- Task objective:
These records are to be written out exactly as they read, minus the pictures.

Segment Open

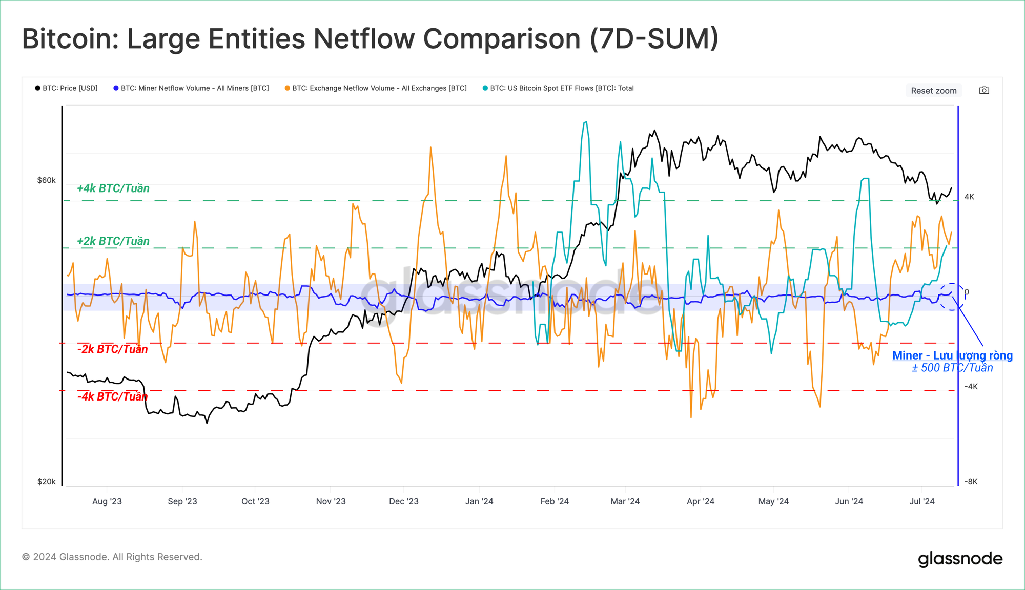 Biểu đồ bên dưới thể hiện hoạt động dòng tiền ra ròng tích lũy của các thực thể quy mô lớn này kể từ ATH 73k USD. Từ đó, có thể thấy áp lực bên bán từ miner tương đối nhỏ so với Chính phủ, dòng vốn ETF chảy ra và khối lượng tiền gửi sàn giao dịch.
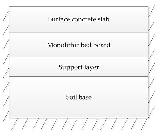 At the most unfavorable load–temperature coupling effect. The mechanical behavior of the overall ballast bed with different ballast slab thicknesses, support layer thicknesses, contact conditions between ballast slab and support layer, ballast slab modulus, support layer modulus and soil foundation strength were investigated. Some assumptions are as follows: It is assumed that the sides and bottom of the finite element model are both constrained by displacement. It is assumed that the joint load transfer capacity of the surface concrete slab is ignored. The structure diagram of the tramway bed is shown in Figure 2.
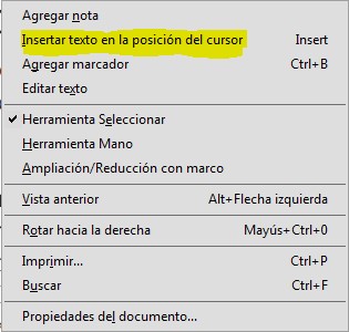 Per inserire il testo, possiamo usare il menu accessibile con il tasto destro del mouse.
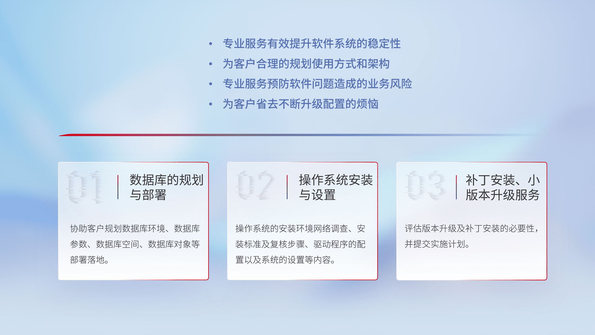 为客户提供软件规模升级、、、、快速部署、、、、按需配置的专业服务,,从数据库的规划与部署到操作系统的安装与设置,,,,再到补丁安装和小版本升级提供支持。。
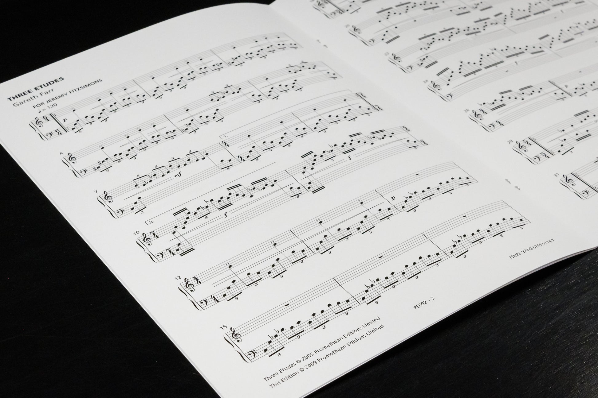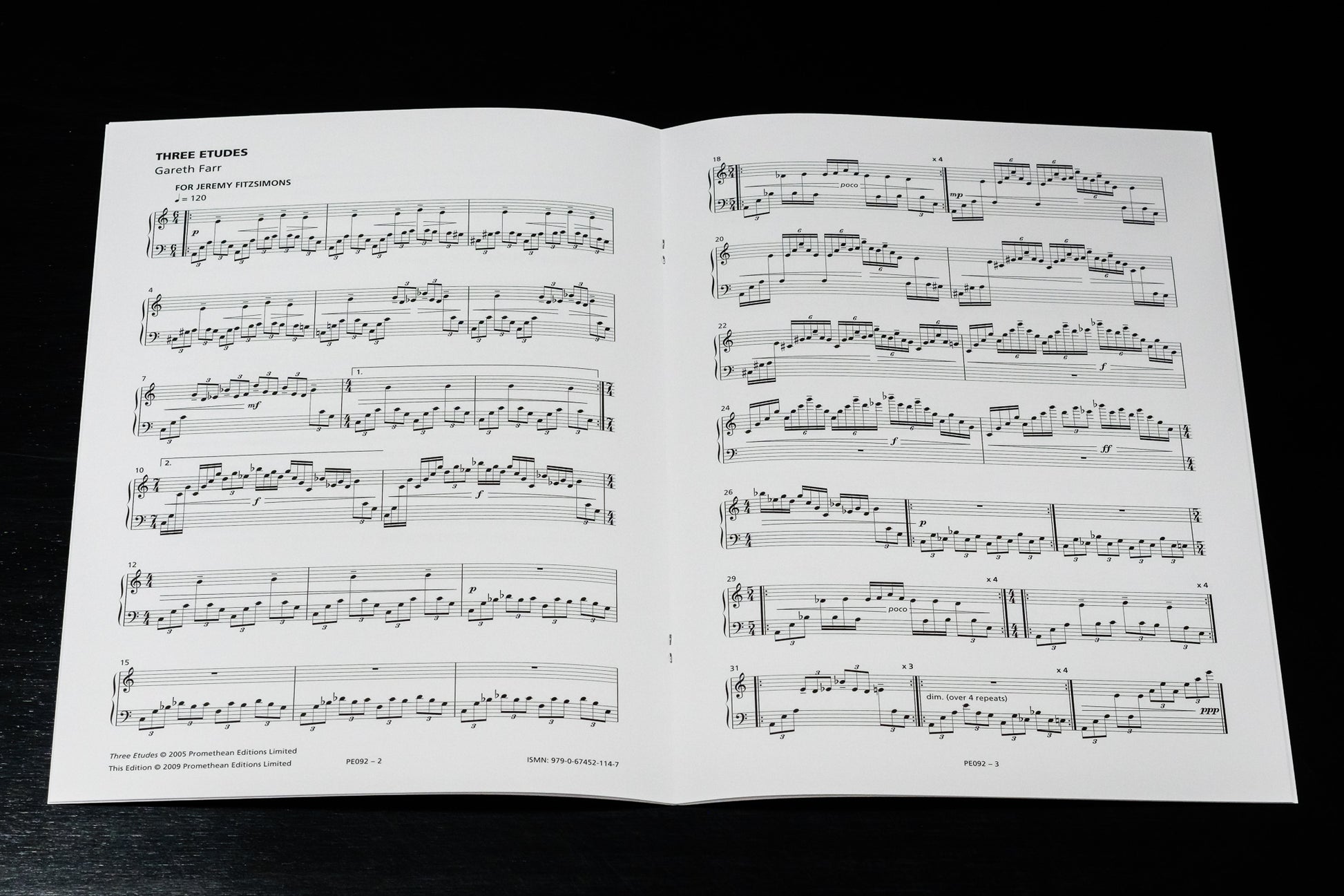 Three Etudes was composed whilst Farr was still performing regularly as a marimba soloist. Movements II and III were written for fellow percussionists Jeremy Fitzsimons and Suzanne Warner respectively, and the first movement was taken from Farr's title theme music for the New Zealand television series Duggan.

Segment Closed

- Solution:
 Biểu đồ bên dưới thể hiện hoạt động dòng tiền ra ròng tích lũy của các thực thể quy mô lớn này kể từ ATH 73k USD. Từ đó, có thể thấy áp lực bên bán từ miner tương đối nhỏ so với Chính phủ, dòng vốn ETF chảy ra và khối lượng tiền gửi sàn giao dịch.
 At the most unfavorable load–temperature coupling effect. The mechanical behavior of the overall ballast bed with different ballast slab thicknesses, support layer thicknesses, contact conditions between ballast slab and support layer, ballast slab modulus, support layer modulus and soil foundation strength were investigated. Some assumptions are as follows: It is assumed that the sides and bottom of the finite element model are both constrained by displacement. It is assumed that the joint load transfer capacity of the surface concrete slab is ignored. The structure diagram of the tramway bed is shown in Figure 2.
 Per inserire il testo, possiamo usare il menu accessibile con il tasto destro del mouse.
 为客户提供软件规模升级、、、、快速部署、、、、按需配置的专业服务,,从数据库的规划与部署到操作系统的安装与设置,,,,再到补丁安装和小版本升级提供支持。。
 Three Etudes was composed whilst Farr was still performing regularly as a marimba soloist. Movements II and III were written for fellow percussionists Jeremy Fitzsimons and Suzanne Warner respectively, and the first movement was taken from Farr's title theme music for the New Zealand television series Duggan.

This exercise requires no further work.